Am I right in saying that the regulator now only has *one* company (Bord Gais) to regulate for as all the others have been deregulated, if this is the case is there really any need for them anymore.

On radio today he said that Bord Gais had asked for 28% but we thought this was too high so are considering a 22% increase.

Does he not realize that campanies alway ask for more than they expect to get anyway.


----------



## RMCF (30 Jul 2011)

Jim2007 said:


> I have my doubts about this, of course it depends on where you source gas, *but  US Natural Gas prices have actually fallen over the last 12 months and while Russian Natural Gas prices have been a bit more bumpy, over all they are down too.*
> 
> My supplier here in Switzerland, sources mainly from Russia and we've seen no price changes of the past 12 months.
> 
> Jim.



I am only going by what I read in various news media, such as the BBC etc. 

All mention that wholesale gas prices have risen this last year. Are the providers lying about what they pay for energy before passing it on to us?

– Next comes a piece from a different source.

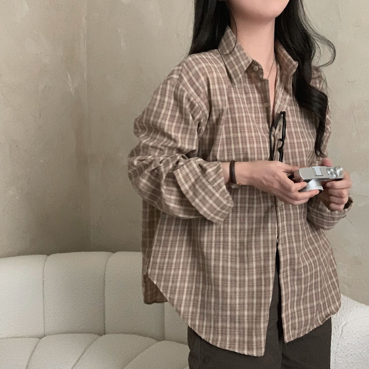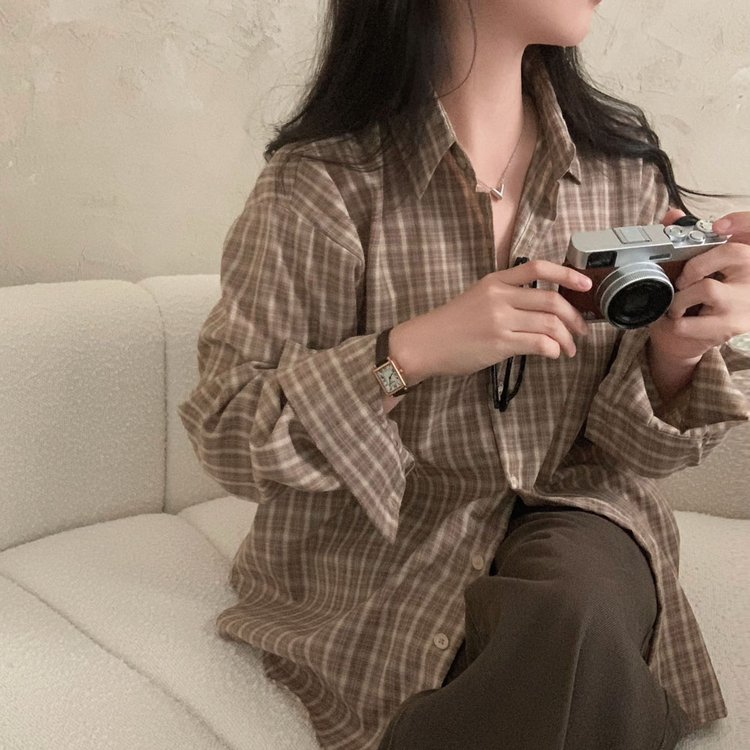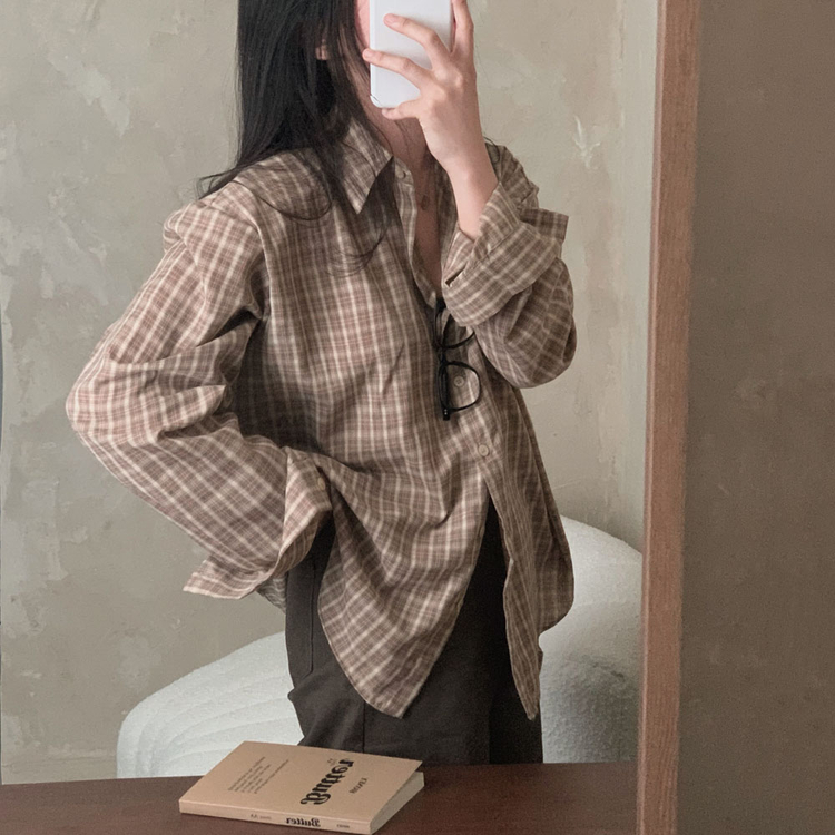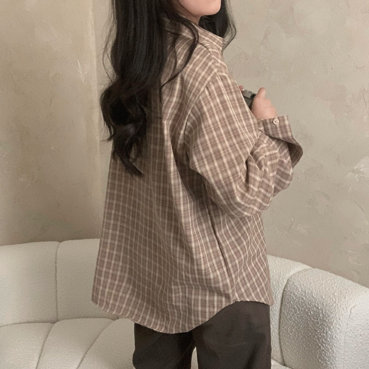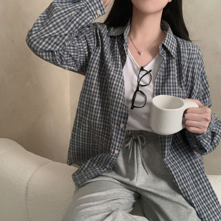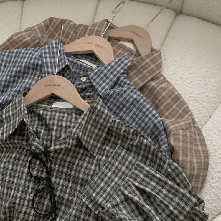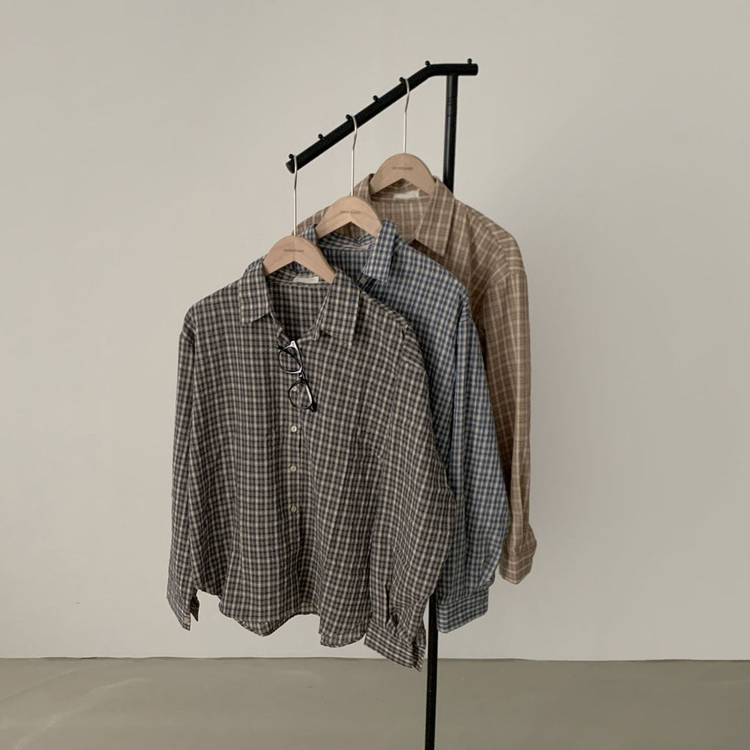 SBS29477 흑당 버블티 어텀 루즈핏 체크 셔츠 남방

Here's a few recent stories:
http://www.bbc.co.uk/news/world-europe-jersey-14275585

http://www.bbc.co.uk/news/business-14294396

http://www.bbc.co.uk/news/uk-wales-14231284

http://www.bbc.co.uk/news/business-14230120


----------



## onq (30 Jul 2011)

Jim2007 said:


> I have my doubts about this, of course it depends on where you source gas, but  US Natural Gas prices have actually fallen over the last 12 months and while Russian Natural Gas prices have been a bit more bumpy, over all they are down too.
> 
> My supplier here in Switzerland, sources mainly from Russia and we've seen no price changes of the past 12 months.
> 
> Jim.




Thanks Jim,

Your commends on other threads have always been on the ball, even if we sometimes don't see eye to eye I respect your views and have learnt a lot from reading them, and my limited understanding of the market is what prompted this thread.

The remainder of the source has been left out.